_Task item_:
Copy, with no pictures, the line that contains "Descubre la versatilidad" and each line after it down to the end of the entries below, exactly.

§

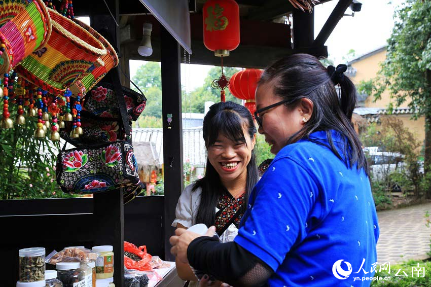 赵仁芹(左)热情地向游客介绍着自家的特色农产品。人民网 刘怡摄
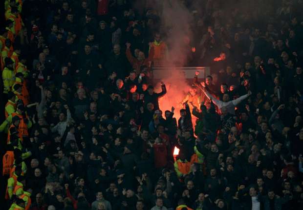 The Reds juga didenda karena menyalakan kembang api di pertandingan kedua, sementara United didenda karena menghalangi jalan masuk.
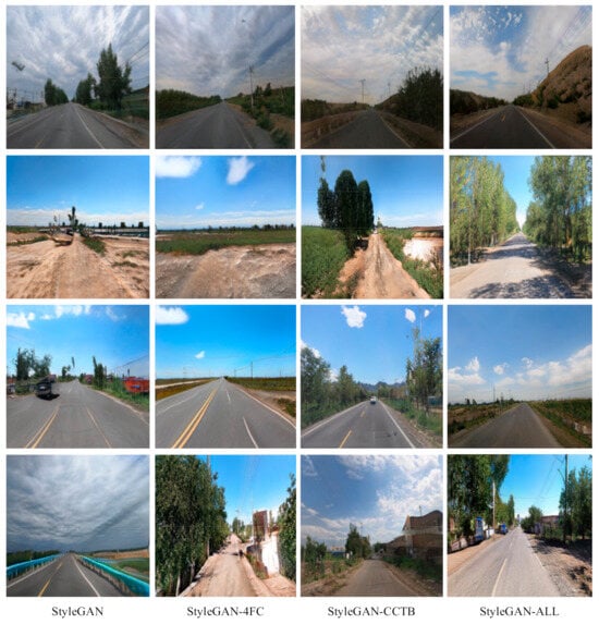 In this ablation experiment, we aim to explore the influence of the decoupled mapping network and the CCTB module on the performance of the StyleGAN2-ADA network in generating rural road scene images. In this paper, StyleGAN2-ADA is used as the baseline model, and four variant models with different configurations are constructed:
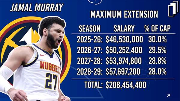 穆雷与掘金合同还剩下一年,2024-25赛季的年薪为3601万美元,据NBA薪资专家Yossi Gozlan报道,若明夏续约,穆雷有资格续签5年2.69亿美元的大合同。
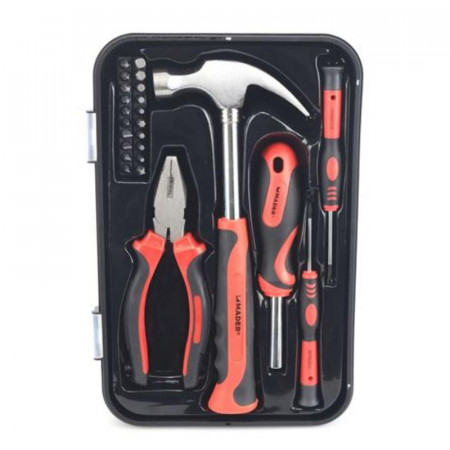 Descubre la versatilidad y eficiencia con el Kit de Herramientas Mader de 25 Piezas, diseñado para afrontar una amplia gama de tareas domésticas y pequeños proyectos de bricolaje. Este completo juego reúne las herramientas más esenciales en un formato compacto y fácil de almacenar, ideal para cualquier hogar o taller.
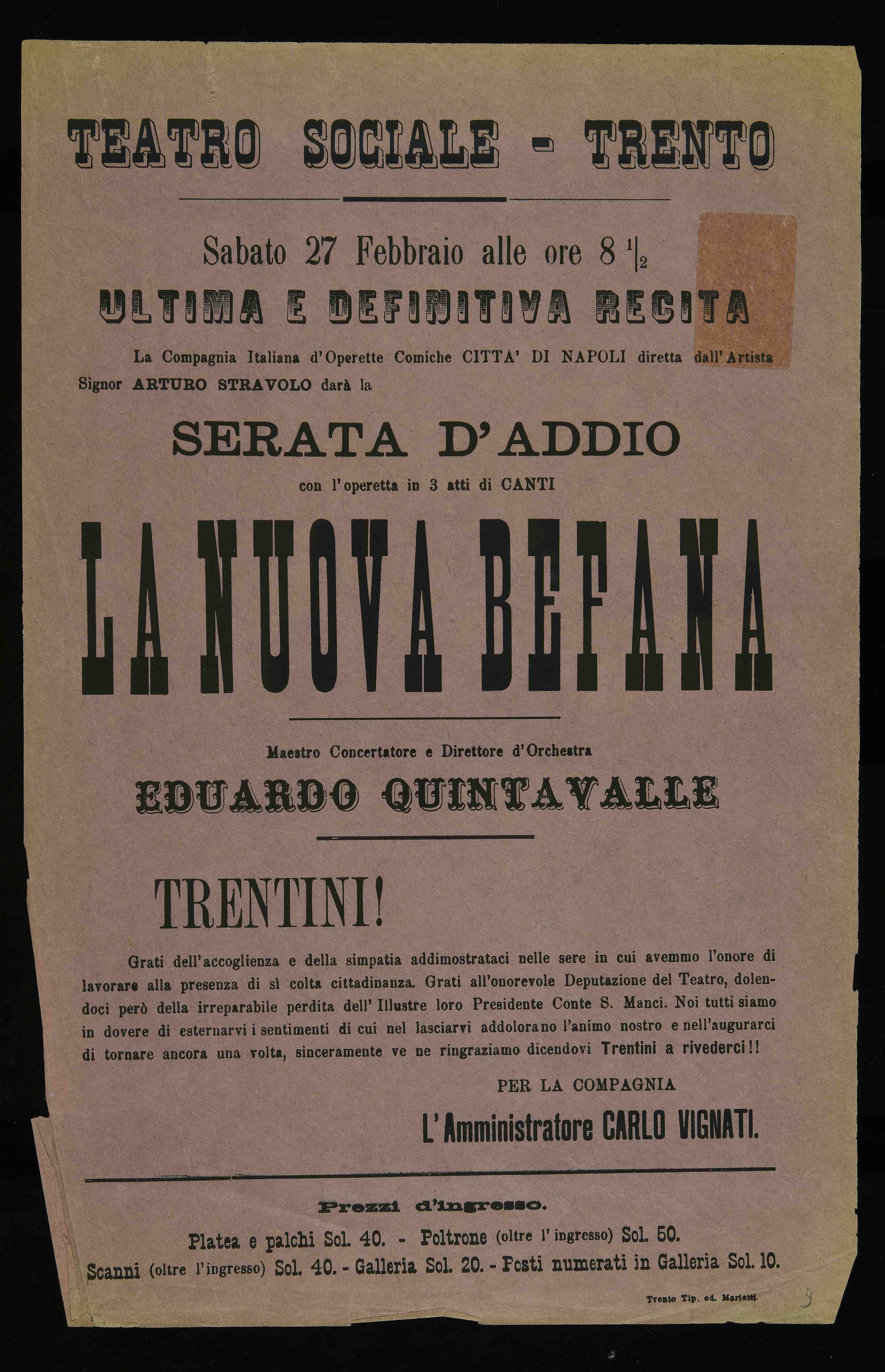 | Teatro Sociale – Trento. Sabato 20 e domenica 21 febbraio alle ore 8 ½ |

§

_The completed task_:
 Descubre la versatilidad y eficiencia con el Kit de Herramientas Mader de 25 Piezas, diseñado para afrontar una amplia gama de tareas domésticas y pequeños proyectos de bricolaje. Este completo juego reúne las herramientas más esenciales en un formato compacto y fácil de almacenar, ideal para cualquier hogar o taller.
 | Teatro Sociale – Trento. Sabato 20 e domenica 21 febbraio alle ore 8 ½ |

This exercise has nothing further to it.